I am sitting inside a white cube, watching things familiar but different. I know this music, but there are no lyrics, nothing to anchor the sound flowing round and through me. These soldiers, their rhythms, they seem to be preparing for an event I was once at. Perhaps India's Republic Day, which I remember attending with my kid brother when he was about six, both of us sitting in grass in front of the VIP enclosure with passes that Captain Kumar had arranged for us while he was serving as ADC to the President. Perhaps the Beating of the Retreat, which is held in front of the old Viceroy's Palace, now the Rashtrapati Bhavan, and which ends with a spectacular drum detail, no two drummers in the same uniform or from the same regiment, North and South Block reverberating together, silhouetted by the camel brigade, whose mounted guards point submachine guns into the air as the flares come sailing down to close the ceremony. It is, of course, another country, another time, and these memories have been triggered by a haunting new video work by Shahzia Sikandar entitled Bending the Barrel (no still available).

There is something uncanny about the angle and depth of Sikandar's camera. The marching band is moving past without making much progress, as if depth had been flattened for framing the scene into a Mughal miniature painting. The music emanates from their instruments but the moment is intercut with other scenes — we are there but no longer there. Before there can be boredom there is a new anomie, introduced by Krugeresque text fragments that overlay the image plane, not with slogans, but with the impersonal and passively-voiced militarese that cannot but be recognized as the public pronouncements of the Army's leadership. This is an acute, biting piece, crafted without polemic, so much more powerful for being all quotation, all documentation, all juxtaposition.

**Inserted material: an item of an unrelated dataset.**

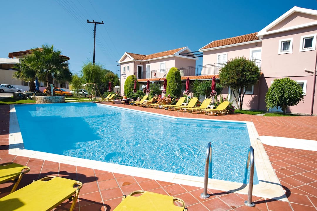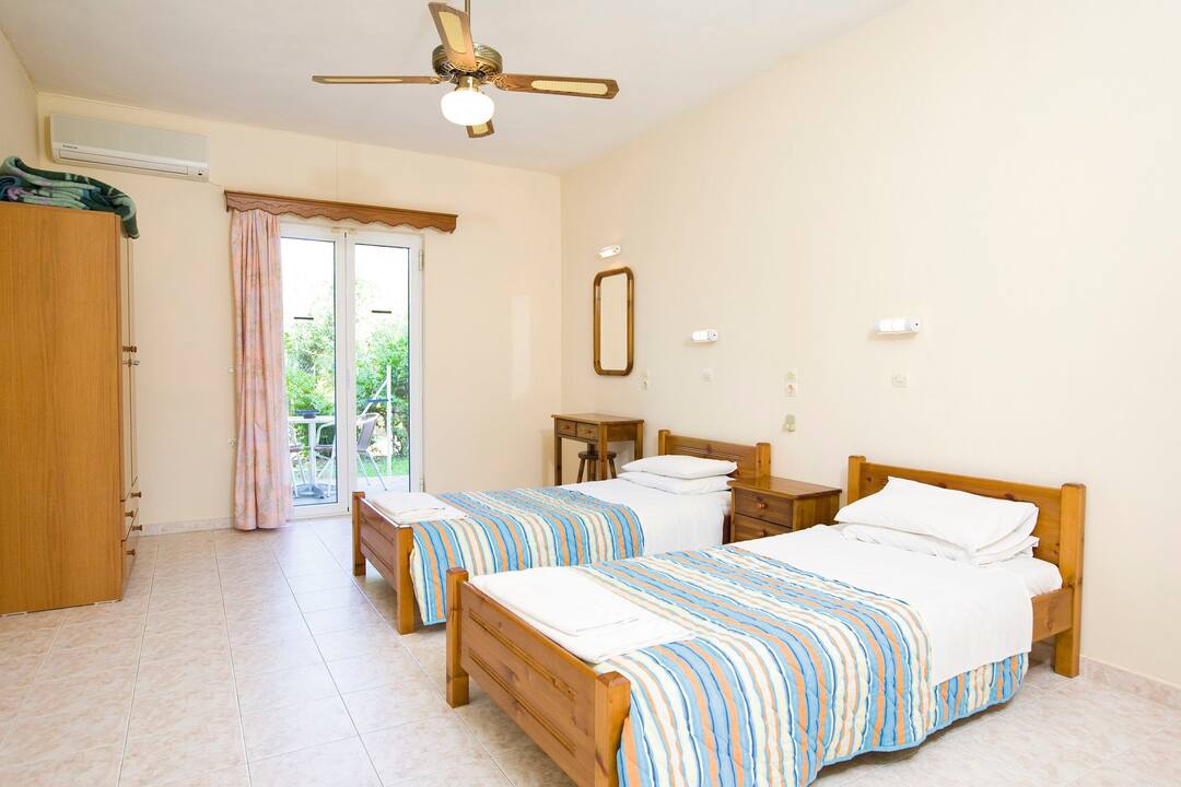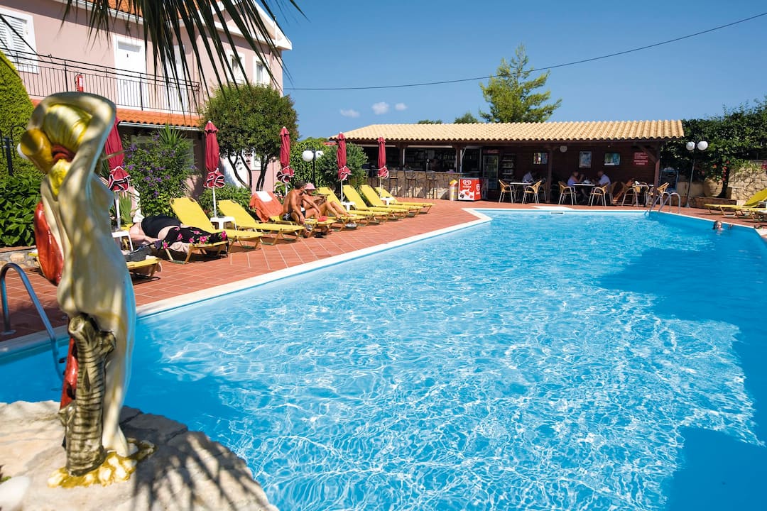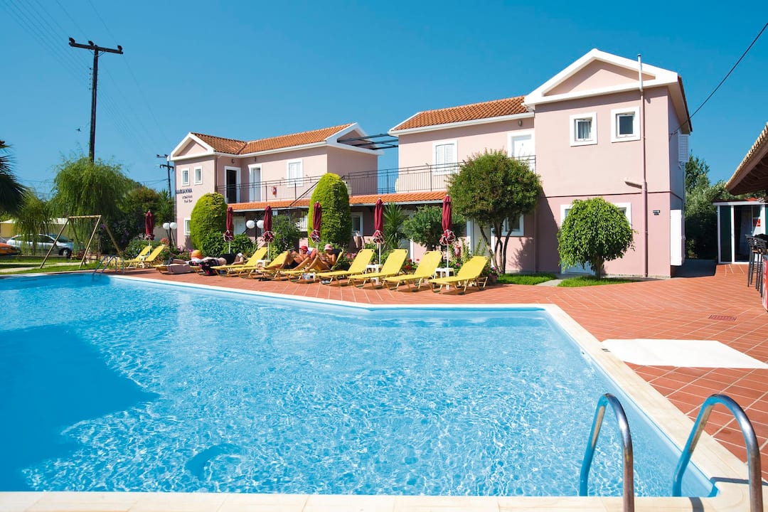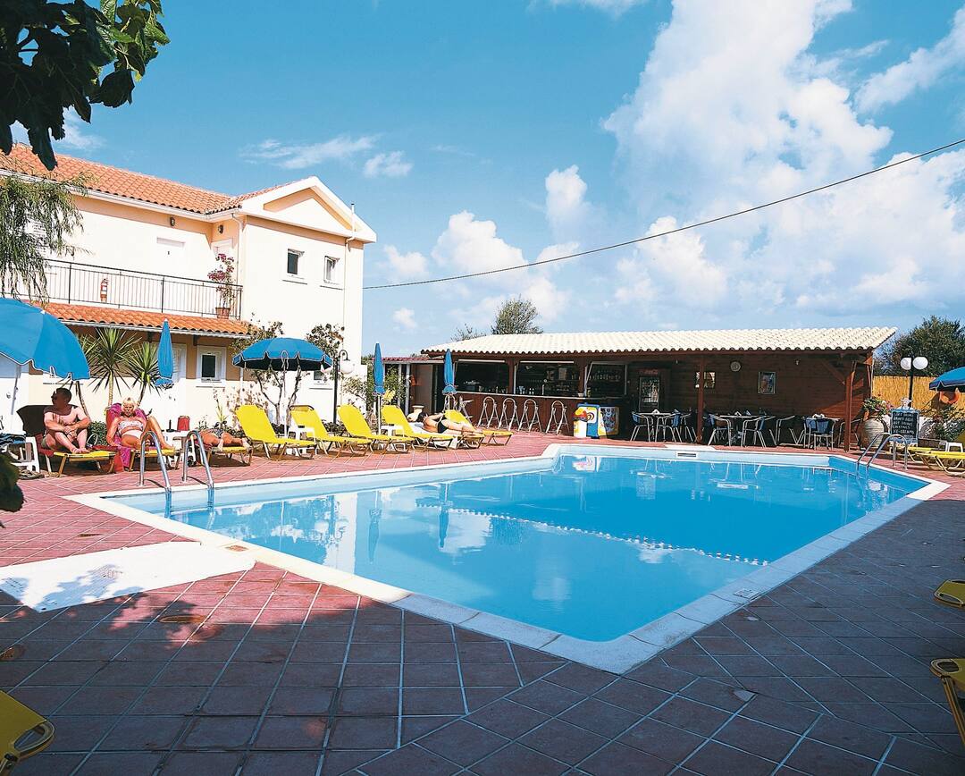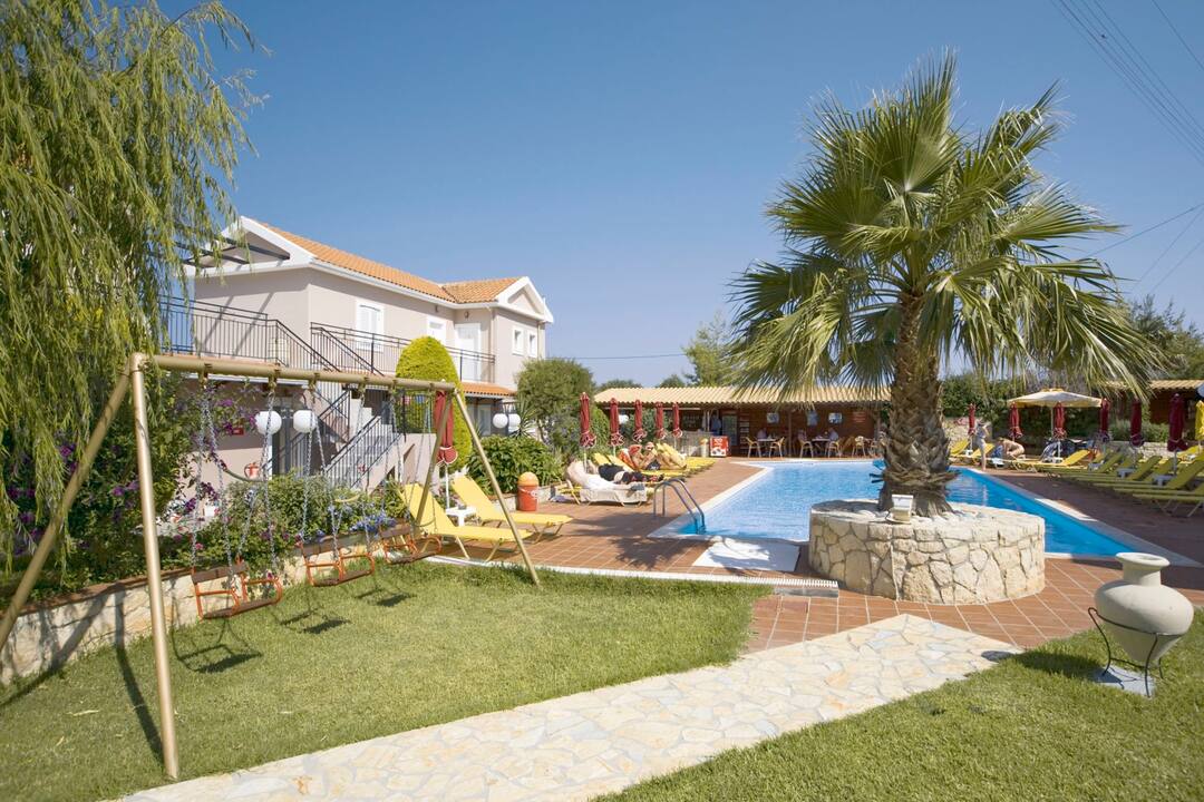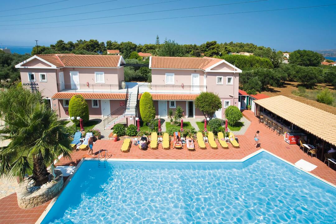 The Marianna Studios offer a real homely feel for your stay in a peaceful setting just a stone’s throw from the sandy shores of Lassi. The pool is on a spacious sun terrace with sun loungers and parasols, plus, the luscious green lawn makes for extra sunbathing space or an area for the kids to play. You’ll find an inviting pool bar that serves up refreshments and a mix snacks to keep you going throughout the day. All of the studios are good sizes with a fully equipped kitchenette so you can cook up a storm for dinner – then you can sit out on the terrace or balcony and enjoy the sunset.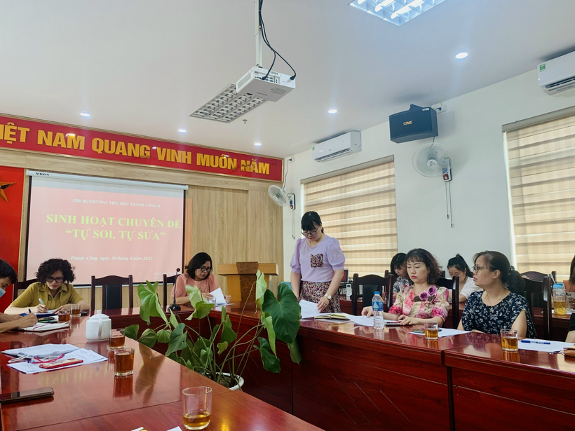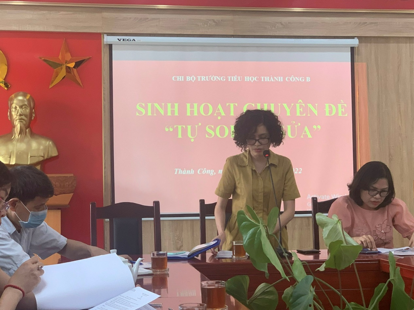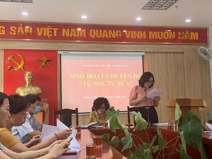 Đồng chí Lưu Thị Hồng Hạnh – Bí thư Chi bộ - Hiệu trưởng nhà trường có phần trình bày rất rõ ràng ở Bản cam kết “Tự soi – tự sửa” của bản thân đến tất cả các đảng viên. Đồng chí đã nêu bật được những kết quả cá nhân làm được, cũng như những tồn tại cần khắc phục để cùng tập thể giáo viên nhà trường tiếp tục gặt hái nhiều thành tích ở các năm học tiếp theo.

The conductor's back is to me, his musicians stare at their sheets of music. They are seated on an elevated bandstand whose steps were coated last night in chuna, lime, to shine back in the sun a brilliant, almost blinding white, outshining the musician's spats and their neelam-washed white tunics. Framed by Sikandar, the musicians at first appear anonymous, ordered, regimented. But now and again she swoops in. At first this causes me to worry that some amateurism had caused a camera shudder. But she is neither zooming nor panning, but shifting frame, capturing in perfect detail a particular Army bandsman staring directly back at the recording lens, a new composition, a new picture within the picture. This is the delirious pleasure of experiencing cinema through the eyes of a miniaturist, who like others of her craft, can see, and can desire to see the whole as well the individual parts of creation with the same detail, the same interest. Sikandar's way of seeing is elucidated by her film-making, and newly educated, I want more of this vertigo.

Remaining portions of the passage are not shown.